Successful consumption model – This model is similar to the traditional consumption-based model where the customer pays a fixed price per session with a bot, but with an important twist.  In this innovative model, the customer is charged only for successful sessions, with success defined through a number of variable options.

For example, if the conversation reaches a point where the customer receives a thank you page, or a survey link, to ensure that the customer has not bounced out the session before completion.

Contingency model – In this model, success is tied directly with the value generated from the conversation. For example, an enterprise will pay only when a technician dispatch or a call to a human agent was avoided. Another scenario is when success is tied with customer satisfaction – if the NPS score or survey results are positive, then the enterprise pays.

This model is becoming more and more common in the BPO domain, where the entire industry is shifting to success-based invoicing. If contingencies become the standard in agent outsourcing, it may be only a matter of time until it becomes a common model for virtual assistants as well.

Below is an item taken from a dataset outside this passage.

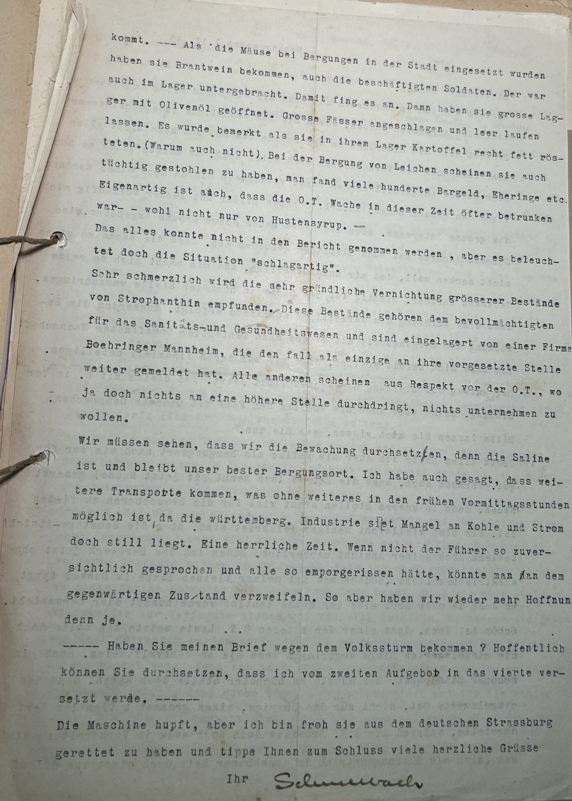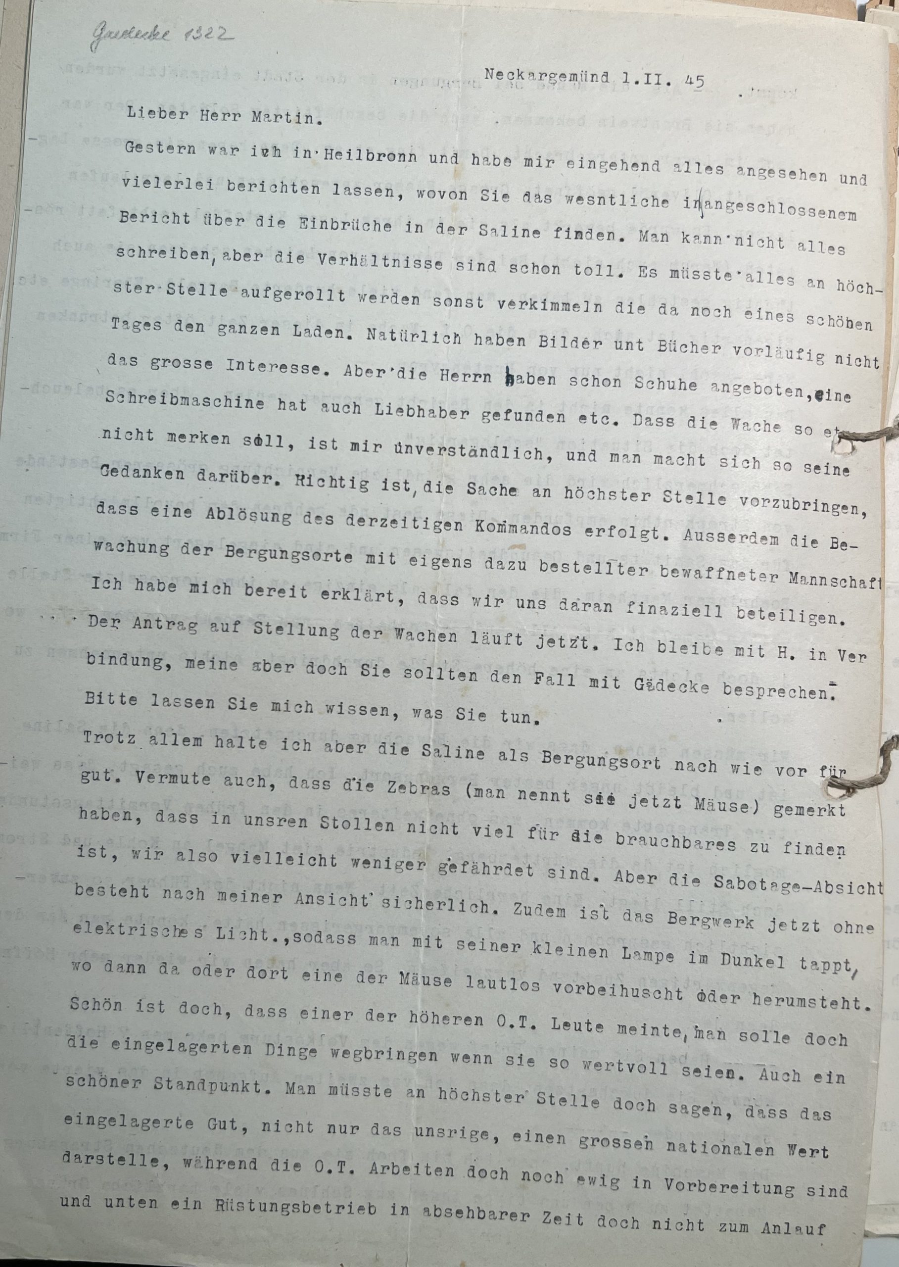 Kurt Martin beklagt sich nochmals, die KZ-Häftlinge im Salzbergwerk Heilbronn würden zu freundlich behandelt (wörtlich verwendet er eine doppelte Verneinung um die Klage vorzubringen, die Wachen würden die Diebstähle und Schäden fördern, indem die Häftlinge leider “nicht unfreundlich” behandeln würden).

Pay per box – With this model, the enterprise pays a set fee based on the number of products or services sold to customers. For example, for every $50 set top box a telecommunications company sells, it will pay the bot vendor $1 to support the device, regardless of how many sessions are generated. In this sense, the bot becomes part of the product package – right alongside the user manual.

In a service-based industry, for example, a utility may pay a set price per subscriber to its premium service.

 

Eyes open to the future

 

Assessing the financial value of conversational AI platforms – an emerging and promising technology – is complicated because it’s relatively new, and its success and maturity have yet to be fully proven.

While a number of pricing models are currently available, all entail a risk on the part of the enterprise. The key to facilitating the widespread adoption of virtual assistants is to formulate an optimal pricing structure that will support the enterprise in achieving success with the technology.